In the present world, all manual tasks are getting automated. It is an era of constant technological growth, and computing has become far more advanced than earlier. Scientists have put in a lot of effort in recent years and built sophisticated machines with advanced methods. These machines are replacing humans in several aspects as they focus on computers to think similarly to how humans do. Machine learning helps analyze data and patterns with minimum human intervention providing solutions to any problems. Today, machine learning techniques have advanced in multiple fields and industries. In this article, we will list the top 10 machine learning algorithms.
1. Linear Regression
Linear regression is a mathematical representation of a linear equation that describes the relationship between input variables (x) and output variables (y). It is a well-known algorithm in statistics and machine learning. The equation for linear regression is: y = mx + b. Here a and b are coefficients where m is the slope of the line and b is the intercept (constant), y is the dependent variable, and x is an independent variable.
2. Logistic Regression
Logistic regression gives you predictions in the form of discrete values as binary data. Binary values are 0 or 1. For instance, for an event to occur, we have two possibilities. If the event takes place, the value is 1, else 0. It uses a transformation function, also called a logistic function. The equation for logistic regression is: h(x) = 1/ (1 + e^-x). The graph of logistic regression shows an exponential S-curve.
3. Support Vector Machine (SVM)
Support Vector Machine (SVM) is one best learning algorithms. It’s in use for both regression and classification. With this algorithm, you find a hyperplane in an N-dimensional space where you plot the data points. The dimension of the plane depends on the number of features (N). Hyperplanes help classify the data points. Support vectors are data points that influence the position and orientation of the hyperplane. These points build the SVM.
4. Naïve Bayes
The Naive Bayes algorithm uses the Bayes theorem to solve classification problems. The meaning of Naive is that the measurement features classified are independent of each other.
The formula of the Bayes theorem is:
P(A|B) = [P(B|A) P(A)]/P(B)
Here A and B are events
P(A|B) = Posterior Probability
P(B|A) = Likelihood Probability
P(A) = Prior Probability
P(B) = Marginal Probability
This algorithm is very effective on a wide range of complex problems.
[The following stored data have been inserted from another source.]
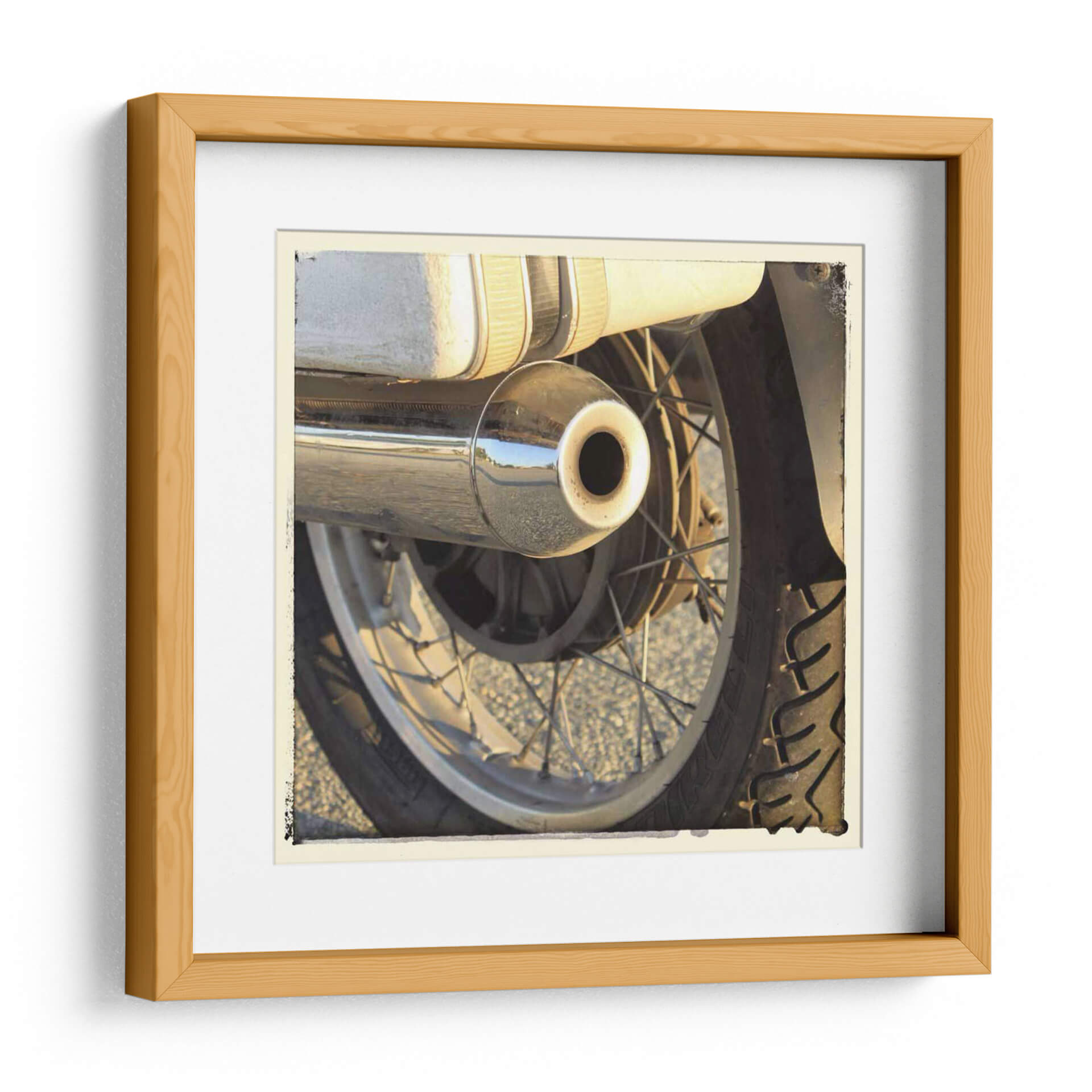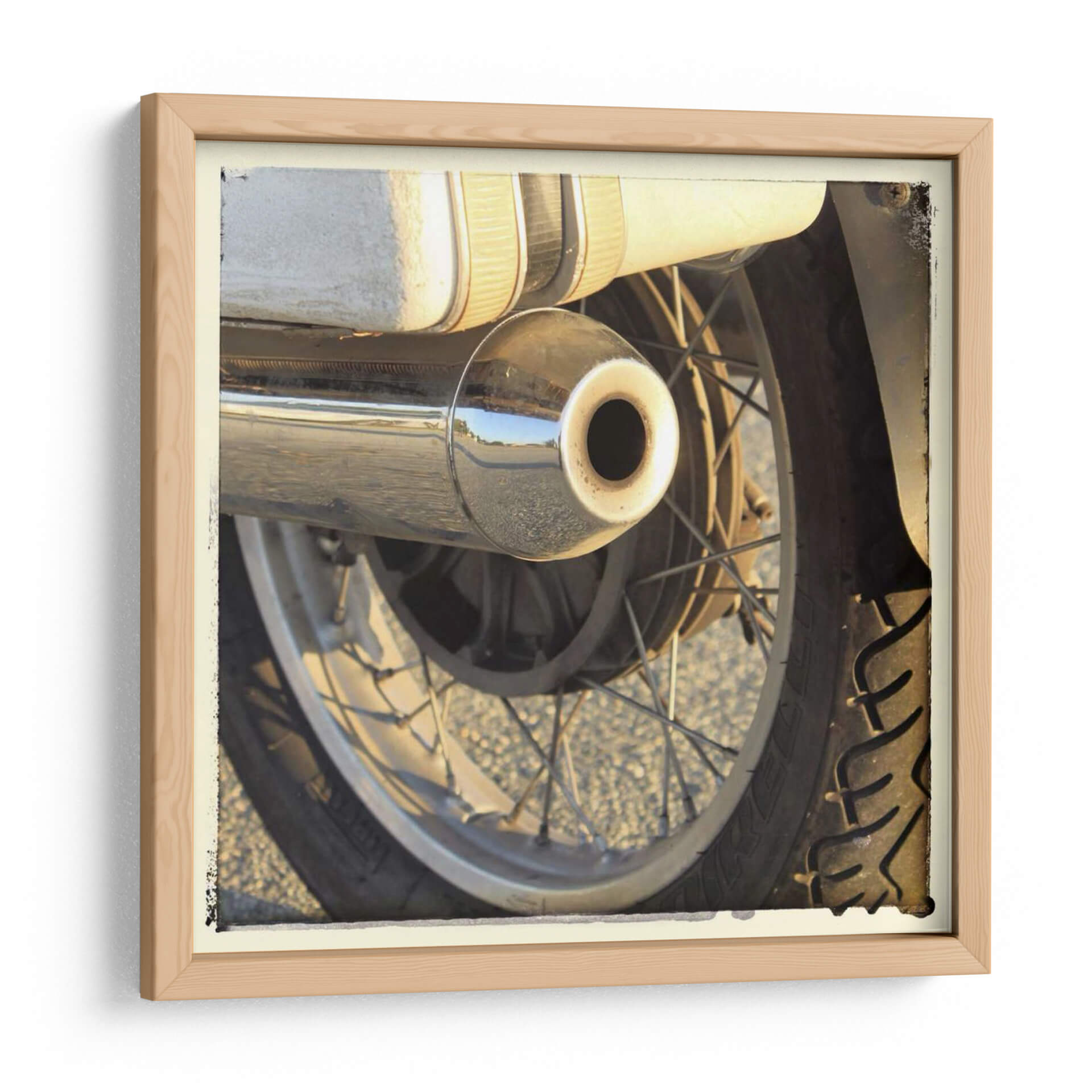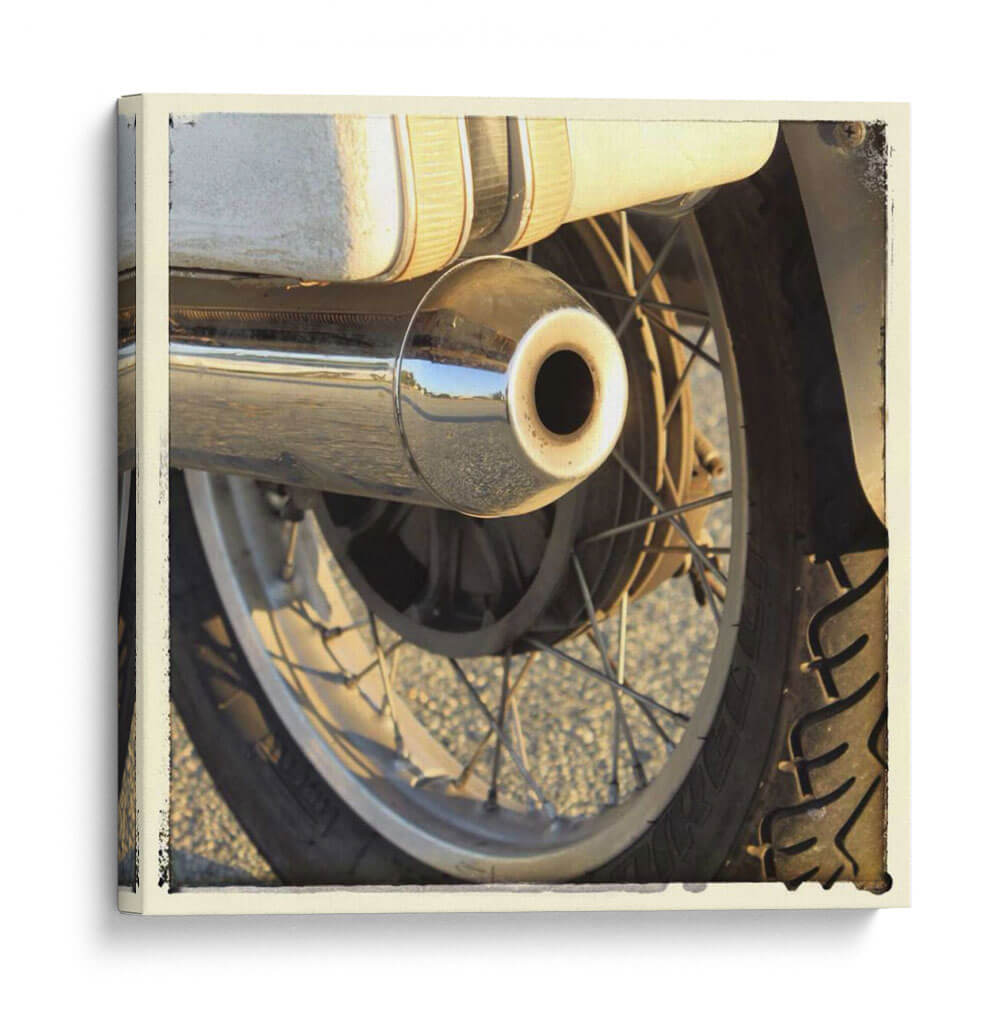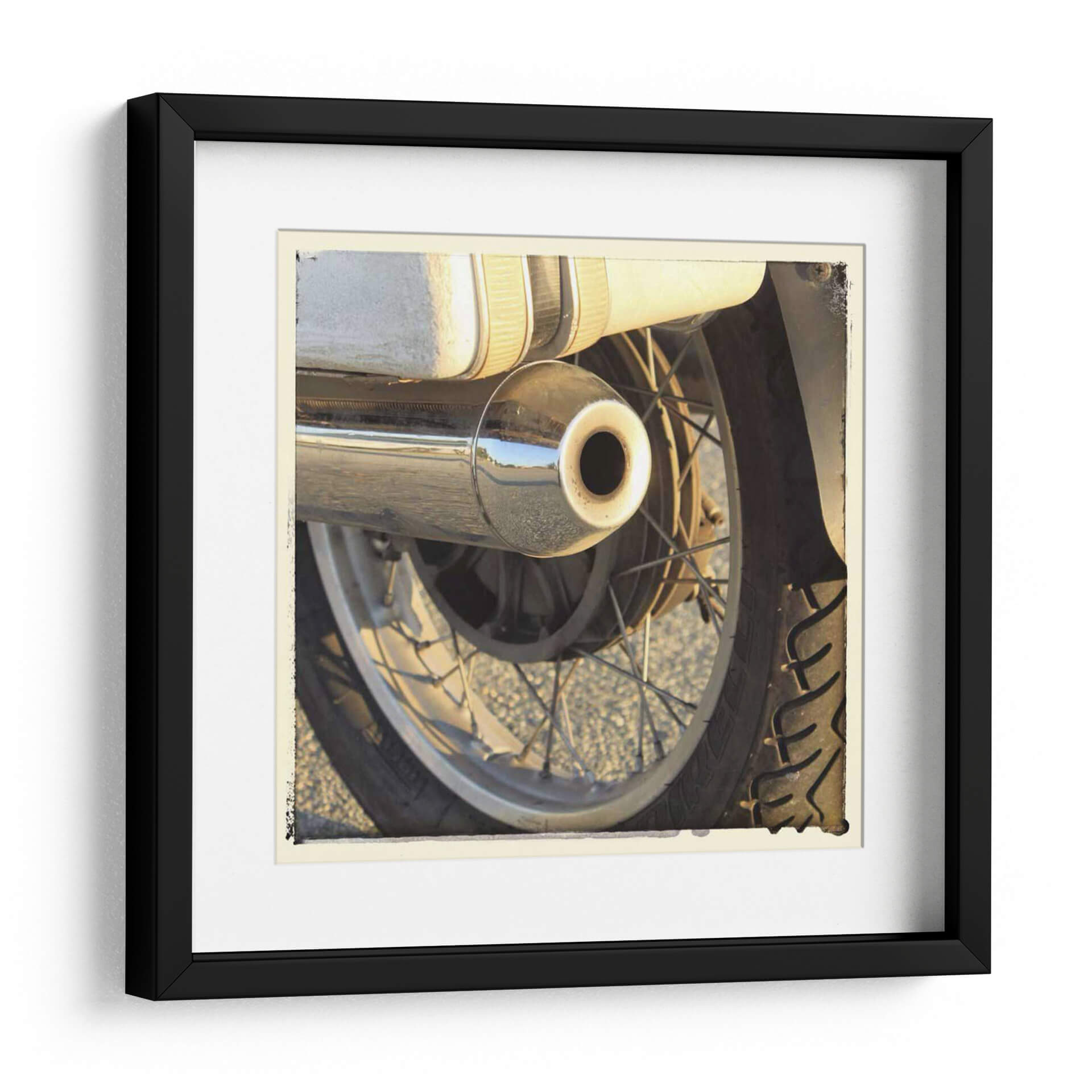 Captura la esencia de la aventura y la estética retro con este evocador cuadro decorativo, "Puesta En El Atardecer III", de Renee W. Stramel. La obra se centra en el detalle icónico de una motocicleta, destacando el brillo cromado del tubo de escape y la intrincada estructura de la rueda con radios. La paleta de colores se compone de tonos cálidos y terrosos, con el dorado del atardecer reflejándose en las superficies metálicas, creando una atmósfera nostálgica y ligeramente melancólica. La composición fotográfica, un primer plano detallado, resalta la textura del asfalto y los componentes mecánicos, invitando a una contemplación pausada. Este cuadro decorativo es ideal para espacios que buscan un toque de carácter y una conexión con el estilo de vida sobre dos ruedas. Perfecto para salones modernos, estudios de diseño o incluso garajes convertidos en espacios de ocio, aportará una personalidad única y un aire de sofisticación industrial. Sumérgete en la narrativa visual de esta pieza, que evoca la libertad de la carretera y la belleza encontrada en los detalles cotidianos de la maquinaria.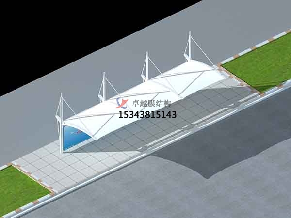 膜結(jié)構(gòu)雨棚是一種全新的建筑結(jié)構(gòu)形式,它集建筑學(xué)、結(jié)構(gòu)力學(xué)、精細(xì)化工與材料科學(xué)、計(jì)算機(jī)技術(shù)等為一體,具有很高技術(shù)含量。其曲面可以隨著建筑師的設(shè)計(jì)需要任意變化,結(jié)合整體環(huán)境,建造出標(biāo)志性的形象工程。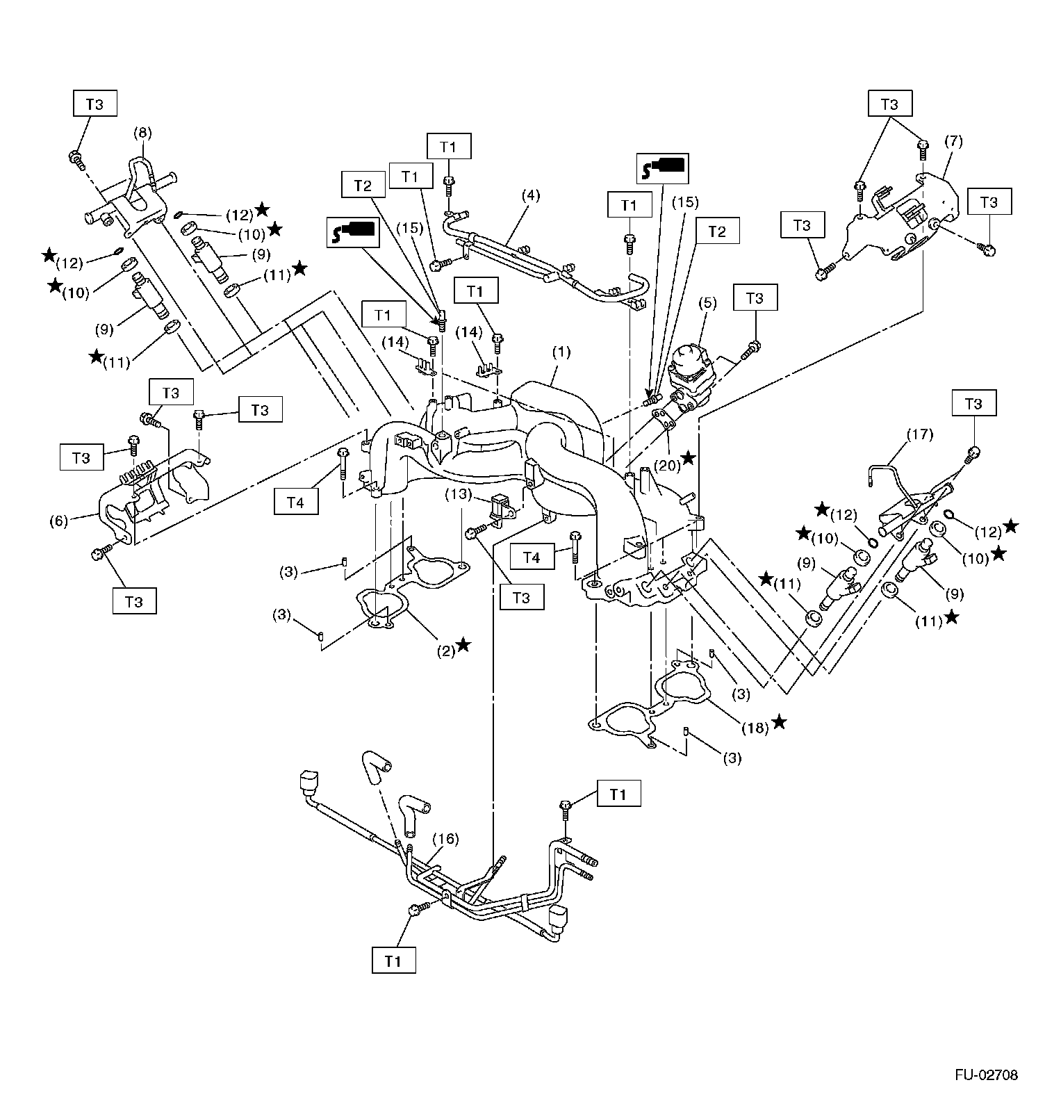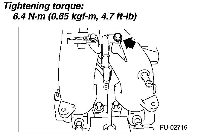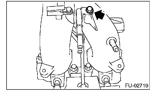 8. Remove the bolt which holds fuel injector pipe onto intake manifold.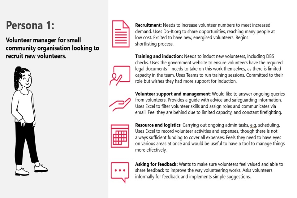 User journey– A specific visualisation which shows the sequence of events a user might encounter while using a specific product or service. It typically maps these journeys through multiple lenses to understand users’ motivations, needs, feelings and behaviours at different stages of this journey. It also involves creating ‘user personas’, which seek to realistically represent the experiences of individuals or communities, and generally include information such as demographic features, behaviours, and aspirations (Thomasoo, R. and Shea, J., 2017). A typical ‘volunteer journey’ was created for the purposes of this research drawing on the Phase 1 scoping work. It takes the four key stages of the journey broadly as follows: recruitment, onboarding (training and induction), ongoing management and feedback.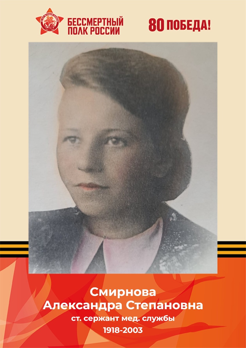 Моя бабушка, мама папы, Александра Степановна Смирнова (Шибаева) ушла на фронт летом 1942 года. До призыва она работала акушеркой в родильном доме в деревне Очаково, что сейчас является частью Западного административного округа города Москвы под названием "Очаково-Матвеевское". Окончив Серпуховское медицинское училище, Александра была распределена на работу в ближайший пригород столицы. Она училась хорошо и старательно. Старшая дочь в семье, на которую постоянно сваливались заботы о младших детях: сестре и двух братьях, дому и огороду. Кто скажет, что был бы этому рад? Родители, погрязшие в ежедневной рутине, отсутствие ласки и внимания: все это подталкивало Шуру прилежно учиться, впитывать любую полезную информацию, чтобы поскорее выломиться из этого жизненного уклада. Ей было дано немало: расторопная, все схватывала на лету, умелые руки, которые в дальнейшем стали ее рабочим инструментом. Александру хвалили за ее акушерское мастерство, за принятие сложных родов, ее руки были именно для этого. Она ими чувствовала, она видела руками, все детки, принятые Шурой, были живыми и здоровыми.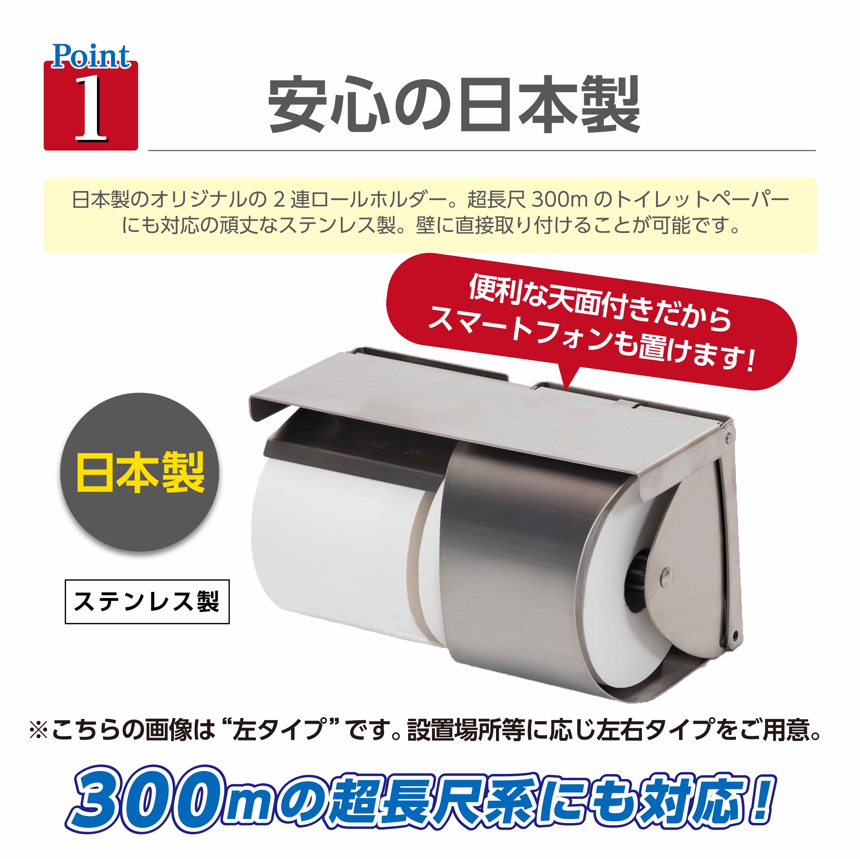 【店内全品P3倍★ブラックフライデー限定】ホルダー 天面付き 2連式 日本製 業務用 マグネット式 鍵付き 天板ありタイプ ステンレス製 超長尺 トイレットペーパー対応 ホルダー 左右タイプあり 太芯 細芯 丸富製紙 公式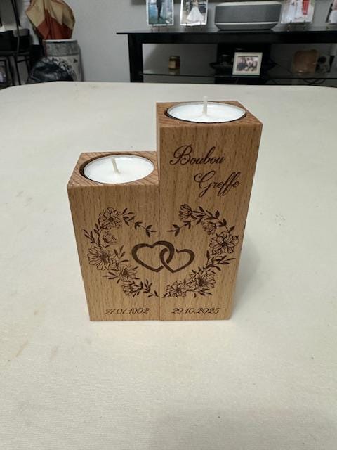 Create a warm and meaningful ambiance with this personalized wooden candle holder, engraved with custom names, initials, and a special date. A perfect gift for couples, anniversaries, weddings, housewarmings, or Valentine’s Day.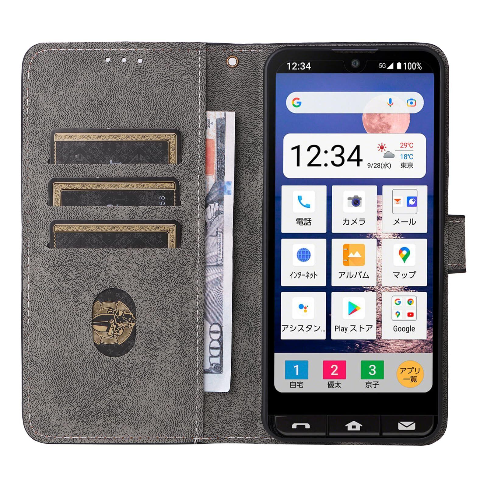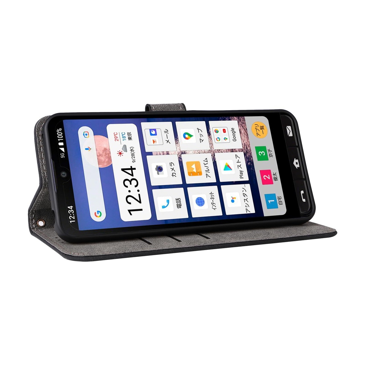Nutmeg Basio active SHG09/Basio active2 SHG12 ケース 手帳型 シンプルスマホ6/Simple Sumaho6 A201SH カバー 財布型 シンプルスマホ7 A404SH 携帯ケース 高級PUレザー 柔らかいTPU素材 全面保護 カード収納 スタンド機能 マグネット式 手触りが良い スマホケース 耐衝撃 耐摩擦(ブラック)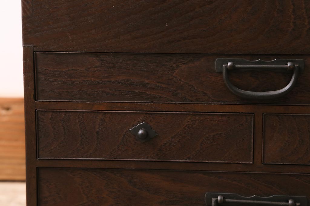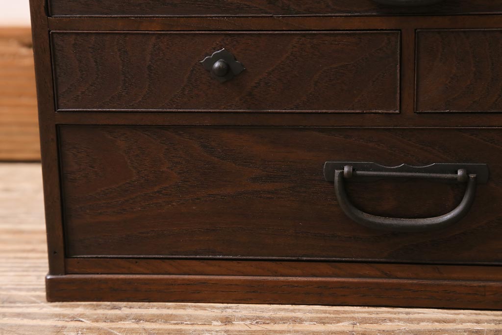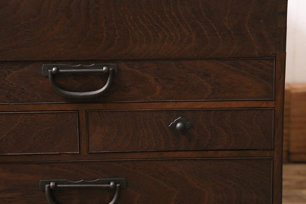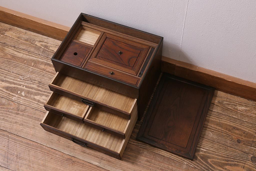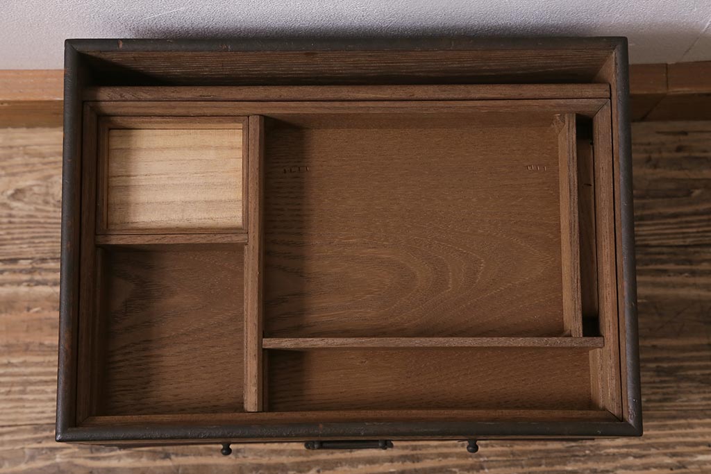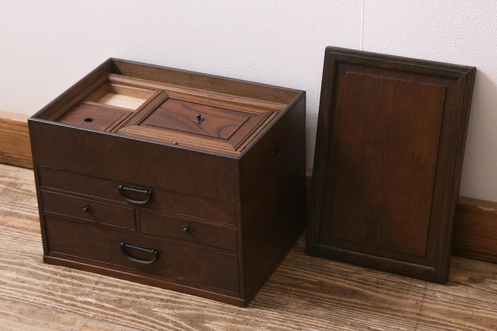 アンティーク家具 桑・欅・桐材 真鍮金具 上手物の小引き出し(裁縫箱)(R-043383)

5. KNN (K – Nearest Neighbors)
K-nearest neighbors algorithm applies for regression and classification problems. It uses predictive analysis to predict the values of new data points (K nearest neighbors). The algorithm finds the K-nearest instances to the new one from the entire data set and gives the mean output for the problem. The predictions made by this algorithm are highly accurate. So, you can use it for applications that require high accuracy.
6. Random Forest
Random Forest is a flexible, easy-to-use algorithm for classification and regression problems. It is a collection of decision trees on various subsets of the given subset. The algorithm takes predictions from each tree, and from the majority votes, you get the final output. The higher the number of trees leads to the highest predictive accuracy of the dataset and prevents problems.
7. K-Means
K-Means is an iterative algorithm that solves clustering problems. The objective of the algorithm is to group the data into clusters. It calculates the K-centroids and assigns a data point to the one having the closest distance between its centroid and the data point. This computation goes on until you get the optimal centroid. Because of its simplicity, it’s one of the widely used clustering algorithms.
8. Boosting and AdaBoosting
Boosting is a method that helps to build a robust classifier from the number of weak classifiers. It handles massive loads of data to make predictions with high accuracy. You construct a model using delicate models in series. AdaBoost is the short form for Adaptive Boosting. It is a boosting algorithm for binary classification that combines multiple weak classifiers into a single one.
9. Learning Vector Quantization
The Learning Vector Quantization algorithm is an artificial neural network that looks like a collection of codebook vectors. They make predictions like K-Nearest Neighbor. You can find the best matching codebook vector by calculating the distance between each codebook vector and the new data instance. The class value for the best matching vector will be the final prediction. You can use LVQ to reduce the memory requirements of storing the entire dataset.
10. Linear Discriminant Analysis
Linear Discriminant Analysis is a classification algorithm used for feature extraction in pattern classification problems. It is a simple method but limited to two-class classification problems. The algorithm calculates a discriminate value for each class and predicts the highest value. LDA has its application in face detection algorithms to extract data from different faces.
Conclusion
The field of machine learning keeps growing and increasing, and the scope of machine learning tools provides solutions to complex world problems. It’s a good starting point in learning different algorithms to find an appropriate solution for the problem. So, try the above algorithms and evaluate the performance.